At Servebolt, we live and breathe performance.
Database performance is no exception.
Executing an inefficient query following a website visitor clicking a link will significantly degrade the user experience. They will need to wait for the full duration of the slow query to execute, which may take several seconds, before any other action takes place, such as page rendering. This wait time includes not only the time needed for the query to run but also any additional time needed for pre-processing and post-processing. As a result, a poorly designed query can significantly slow down the overall performance of a website – resulting in a frustrating user experience.

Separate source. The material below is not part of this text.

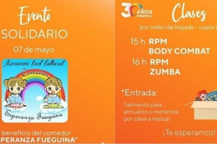 Érica Bustos, referente del comedor Esperanza Fueguina, habló con FM FUEGO: “Hace unos días hablamos con Valeria, una de las chicas de Perfil, quien nos comentó que cumplían 30 años, por lo que nos invitó a un evento solidario para poder juntar alimentos no perecederos para nuestro comedor de la Margen Sur, en el barrio Argentino, donde asistimos a 52 familias. El evento que se hará es para juntar alimentos no perecederos. Es el día 7 de mayo a las 15:00 horas en el gimnasio Perfil, con actividades RPM, Combate y a partir de las 16:00 horas comienza la clase de zumbas. Los cupos son limitados por el espacio, es abierto a todo el público”.

Time to First Byte (TTFB) is a way of measuring how long it takes for the first byte of data to be received after a user makes a request to a website. It’s also a key metric used by search engines in evaluating sites. When a slow query is triggered, it will negatively affect TTFB. The longer the slow query takes to run, the higher the TTFB will be, resulting in slower overall website performance and a less satisfying user experience.
In this guide, we’ll walk you through how to profile SQL queries – a crucial part of maintaining the performance of web applications that rely on database responses. This is a process that sets the groundwork to be then able to start working on optimizing these queries to improve their performance.
Understanding SQL Query Profiling
As you develop a web application and it begins to operate on a larger scale, SQL queries that once ran smoothly can cause performance issues. Generally speaking, there tends to be an increasing number of queries running against a growing amount of data with an increasing number of requests per second. And when performance suffers, so does the experience your users have when interacting with your site, software, or service.
Query profiling is a way of analyzing database queries, assessing their performance, and identifying potential problems.
By analyzing and identifying these problematic queries, you can make specific improvements that can make a measurable difference to the performance of their database. This will, in turn, allow for improved scalability in the future, as well as overall customer satisfaction, as apps and sites will be more responsive.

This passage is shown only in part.